The algorithms developed on this site work by building linear expressions, but each algorithm performs this process using a different approach. These details will be presented later.

Given a database containing \(\small d \) samples, where each sample has \(\small n \) explanatory variables, a possible way to perform the regression is to fit a line \(\small \widehat {r} (\mathbf {x}) \), where its coefficients are chosen with the value that most minimizes the error between the values that this line predicts for a given \(\small \mathbf {x} _ {i} \) and the corresponding target variable \(\small y_ {i} \) - this method is known as linear regression , and is probably the most used regression method in the most diverse problems. Being a line defined by a set of coefficients that multiply each variable, plus a free coefficient that represents the intercept of that line, the regression will look for the values for \(\small \omega_ {0}, \omega_ {1}, \ldots, \omega_ {n} \) that minimize the line error in relation to known points:

$$ \small\widehat{y} = \widehat{r}(\mathbf{x}) = \omega_{0} + \omega_{1} x_{1} + \omega_{2} x_{2} + \ldots + \omega_{n} x_{n}.$$

Despite having several advantages, this form of regression fails when the data does not behave in a linear fashion - in these cases, it is necessary to resort to more sophisticated methods. The regression models are classified as parametric (which only adjust the free coefficients of a predetermined equation) or nonparametric (which adjust both the free coefficients and the function form itself ).

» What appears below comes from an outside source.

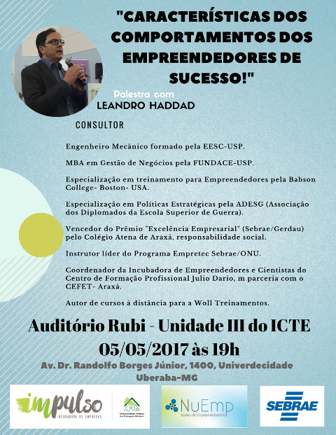 As atividades de 2017 da Incubadora Impulso da UFTM iniciarão com a palestra "Características dos comportamentos dos empreendedores de sucesso", ministrada pelo consultor Leandro Haddad, indicado pelo Sebrae MG. O evento é organizado pelo Núcleo de Empreendedorismo da UFTM e será realizado para recepcionar as Startups que foram aprovadas nos editais do 1° semestre de Incubação e Pré-incubação. A recepção acontecerá no auditório Rubi, localizado na Unidade III da UFTM na Univerdecidade, hoje, dia 5 de maio, a partir das 19 horas. O evento é aberto a toda comunidade acadêmica.

One of the well-known non-parametric regression models is symbolic regression, which searches for mathematical functions and adjusts its coefficients automatically, without having a predetermined function to try to describe the behavior of the data in the database. This technique is commonly implemented by means of genetic programming, which creates and manipulates expression trees and, through the simulation of mechanisms inspired by the theory of evolution, makes the created solutions compete with each other to "survive". In other words, genetic programming simulates the evolutionary process through computational resources, based on the belief that evolution is a mechanism that favors more apt individuals and, eventually, a simulation of these processes can help to find a solution to the problem.

A estrutura de dados IT

In computing, it is common to use data structures in programs to conveniently represent the data we are manipulating. The most common way to implement symbolic regression is through expression trees, but this can be done in other ways.

In particular, the representation by trees is not very convenient because it presents some problems that make the task of finding a solution difficult, because they allow the existence of redundancies, and the trees are fragile so that a small change in them can trigger a complete change in behavior of the final function ( this paper presents these problems and proposes a new representation, which was used to develop the algorithms on this page ).

Alternatively, the implementations on this page for symbolic regression were based on a different representation of the trees - a structure proposed in 2018 was used in the paper A Greedy Search Tree Heuristic for Symbolic Regression , called Interaction-Transformation (abbreviated as IT).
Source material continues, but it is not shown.